START Dataset records

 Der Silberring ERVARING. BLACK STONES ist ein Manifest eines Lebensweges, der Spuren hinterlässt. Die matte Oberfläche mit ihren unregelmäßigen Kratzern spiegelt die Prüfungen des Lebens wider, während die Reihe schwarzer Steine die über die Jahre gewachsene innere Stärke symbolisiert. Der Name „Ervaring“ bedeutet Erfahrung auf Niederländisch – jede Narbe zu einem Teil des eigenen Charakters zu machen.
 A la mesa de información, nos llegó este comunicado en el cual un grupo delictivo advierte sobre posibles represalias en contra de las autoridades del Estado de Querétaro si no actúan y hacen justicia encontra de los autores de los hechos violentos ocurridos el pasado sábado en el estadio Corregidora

END Dataset records
START Dataset records

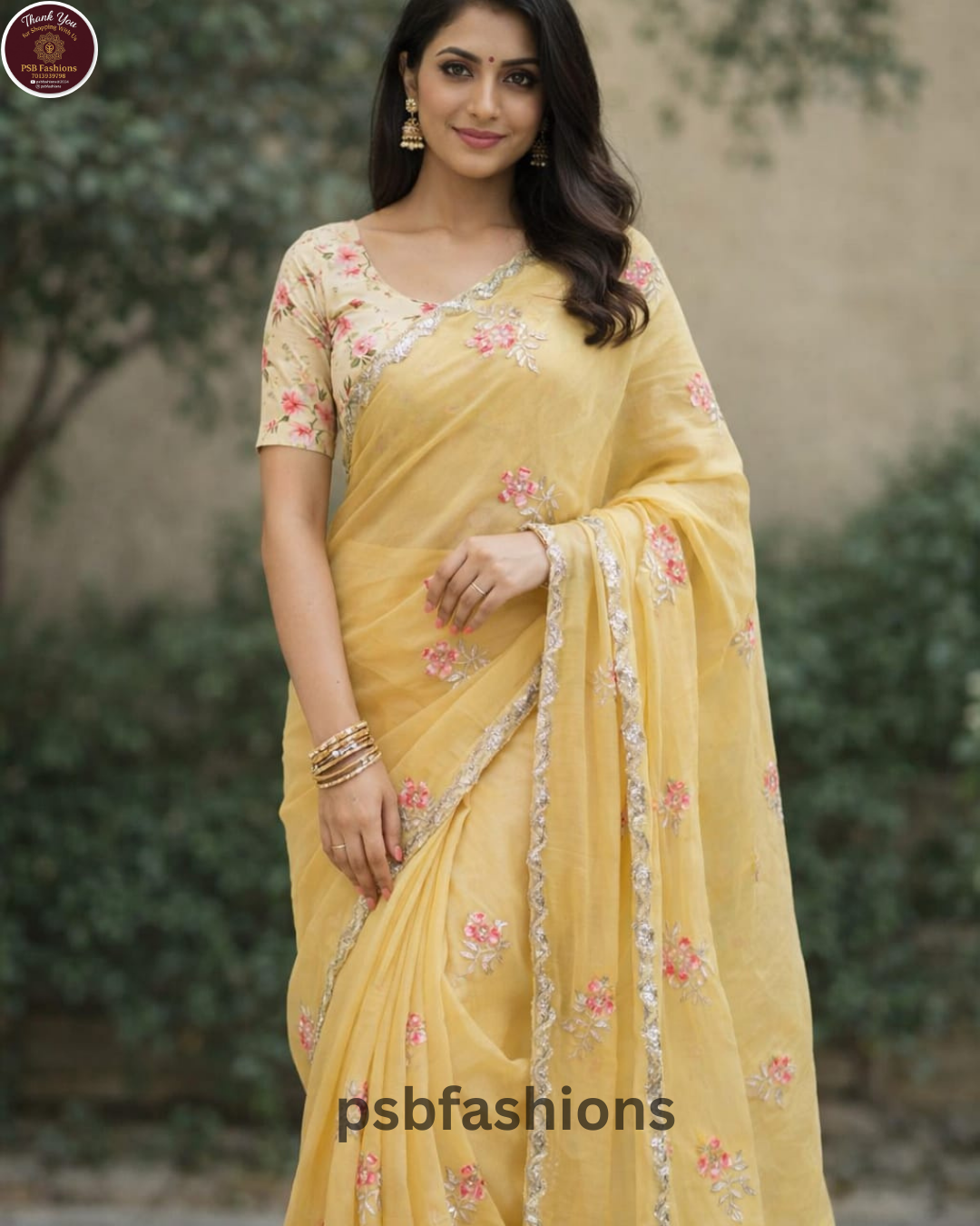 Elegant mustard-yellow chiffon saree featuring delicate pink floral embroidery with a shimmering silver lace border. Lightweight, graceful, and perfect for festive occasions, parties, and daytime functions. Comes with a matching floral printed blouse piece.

END Dataset records

All lines above from the line with "Der Silberring ERVARING." through the line with "A la mesa de", both included, are to be set down exactly, with nothing else.

#### [Answer]
 Der Silberring ERVARING. BLACK STONES ist ein Manifest eines Lebensweges, der Spuren hinterlässt. Die matte Oberfläche mit ihren unregelmäßigen Kratzern spiegelt die Prüfungen des Lebens wider, während die Reihe schwarzer Steine die über die Jahre gewachsene innere Stärke symbolisiert. Der Name „Ervaring“ bedeutet Erfahrung auf Niederländisch – jede Narbe zu einem Teil des eigenen Charakters zu machen.
 A la mesa de información, nos llegó este comunicado en el cual un grupo delictivo advierte sobre posibles represalias en contra de las autoridades del Estado de Querétaro si no actúan y hacen justicia encontra de los autores de los hechos violentos ocurridos el pasado sábado en el estadio Corregidora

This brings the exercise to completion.